Data Format Property	Description
Data Format	Format of the data. Select one of the following formats: Avro Delimited JSON ORC Parquet Text XML
Additional Data Format Configuration	Additional data format properties to use. Specify needed data format properties not available on configuration tabs. Properties on the configuration tabs override additional data format properties when there are conflicts. For example, for the JSON format you might add the property `allowUnquotedFieldNames` if the data has unquoted fields. With the property set to True, the origin can read JSON data with the following content: `{counter: 1}` To add properties, click the Add icon and define the property name and value. You can use simple or bulk edit mode to configure the properties. Enter the property names and values expected by your version of Hadoop.

For Avro data, optionally configure the following properties:


Avro Property	Description
Avro Schema	Optional Avro schema to use to process data. The specified Avro schema overrides any schema included in the files. Specify the Avro schema in JSON format.
Ignore Extension	Processes all files in the specified directories. When not enabled, the origin only processes files with the `.avro` extension.
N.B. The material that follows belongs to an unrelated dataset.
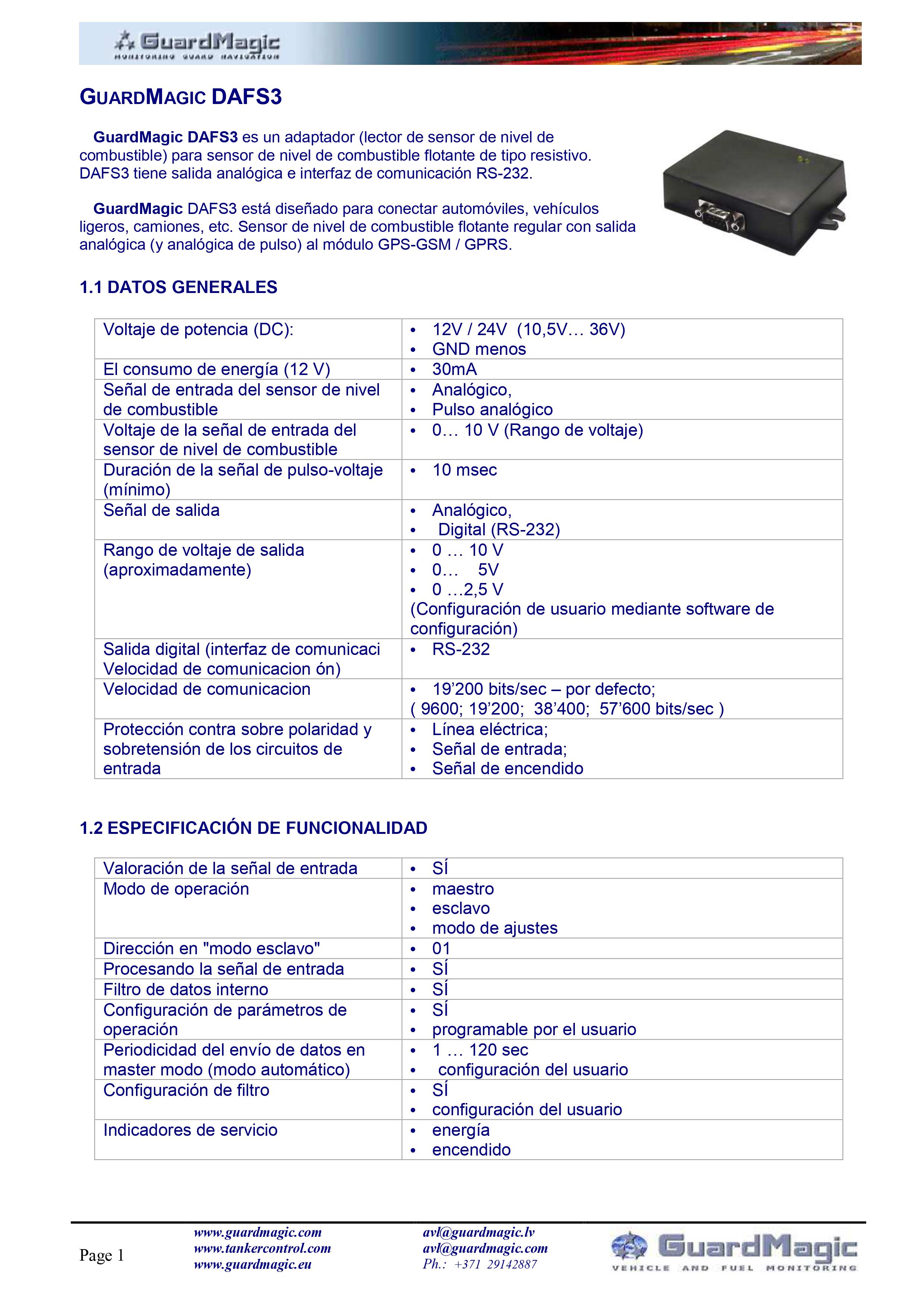 GuardMagic DAFS3 está diseñado para la conexión del sensor de nivel de combustible flotante regular de automóviles y vehículos ligeros al módulo GPS-GSM/GPRS.

For delimited data, on the Data Format tab, optionally configure the following properties:


Delimited Property	Description
Delimiter Character	Delimiter character used in the data. Select one of the available options or select Other to enter a custom character. You can enter a Unicode control character using the format `\uNNNN`, where N is a hexadecimal digit from the numbers 0-9 or the letters A-F. For example, enter `\u0000` to use the null character as the delimiter or `\u2028` to use a line separator as the delimiter.
Quote Character	Quote character used in the data.
Escape Character	Escape character used in the data
Includes Header	Indicates that the data includes a header line. When selected, the origin uses the first line to create field names and begins reading with the second line.

For JSON data, on the Data Format tab, configure the following property:


JSON Property	Description
Multiline	Enables processing multiline JSON Lines data. By default, the origin expects a single JSON object on each line of the file. Use this option to process JSON objects that span multiple lines.

For XML data, on the Data Format tab, configure the following properties:


XML Property	Description
Root Tag	Tag used as the root element. Default is ROWS, which represents a <ROWS> root element.
Row Tag	Tag used as a record delineator. Default is ROW, which represents a <ROW> record delineator element.

To use a custom schema for delimited or JSON data, click the Schema tab and configure the following properties:


Schema Property	Description
Schema Mode	Mode that determines the schema to use when processing data: Infer from Data The origin infers the field names and data types from the data. Use Custom Schema - JSON Format The origin uses a custom schema defined in the JSON format. Use Custom Schema - DDL Format The origin uses a custom schema defined in the DDL format. Note that the schema is applied differently depending on the data format of the data.
Schema	Custom schema to use to process the data. Enter the schema in DDL or JSON format, depending on the selected schema mode.
Error Handling	Determines how the origin handles parsing errors: Permissive - When the origin encounters a problem parsing any field in the record, it creates a record with the field names defined in the schema, but with null values in every field. Drop Malformed - When the origin encounters a problem parsing any field in the record, it drops the entire record from the pipeline. Fail Fast - When the origin encounters a problem parsing any field in the record, it stops the pipeline.
Original Data Field	Field where the data from the original record is written when the origin cannot parse the record. When writing the original record to a field, you must add the field to the custom schema as a String field. Available when using permissive error handling.